There's actually a new name for this approach -- it's called high road infrastructure.
Simply put, it's about moving away from this:
and towards this:
In the lower illustration, standards for human health and prosperity (new businesses and jobs), resilience to climate shocks and fortifying our natural resource base are front and center.
In the upper picture the only standard applied is expediency. There are no natural surfaces, only impenetrable pavement. There's a payday lender, a fast food restaurant, a bar, a gas station but no grocery stores, bike lanes or sidewalks. The safest place to be is in the steel shell of your car, not out walking or biking. There are no options for food or transport.
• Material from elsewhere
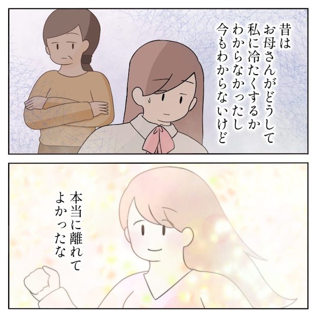 昔は母がなぜ私にばかり冷たくするか分からなかったし、今も分からないけど、本当に実家を離れて良かったなと思います。

No vegetation to absorb heat, capture rainwater or provide relaxation.
What's the best way to evaluate long-term infrastructure investments to support families, workers and businesses? Is it the sticker price today that matters most or the costs (and avoided costs) over the next 20, 30, 50 or 100 years?
Building infrastructure that lasts and is good for present and future generations needs to take environmental, social and economic viability issues into account. It needs to fix problems, yes, but also not create new ones. It needs to create equitable opportunities for us to lead fuller, healthier, safer, and lower cost lives.
It's really about planning for the lifetime of the project, looking ahead to adapt to the changes that are likely to occur, getting community engagement on priorities and making sure there's a mechanism in place over time that can maintain and support the infrastructure's safe operation.
I was at the White House recently talking about high road infrastructure for the Build America Investment Initiative. NRDC's Urban Solutions program, with the support of the Ford Foundation, is leading a multi-faceted expert working group on how we can get more high road infrastructure built in this country. During my talk I laid out our findings so far. Here's a sampling.
From up on the high road, it's easy to see what's down on the low -- selling assets to plug a budget gap, creating savings by forcing down wages, ignoring life cycle costs because of lack of current funding, not taking into account changing climate patterns, transforming places while displacing people.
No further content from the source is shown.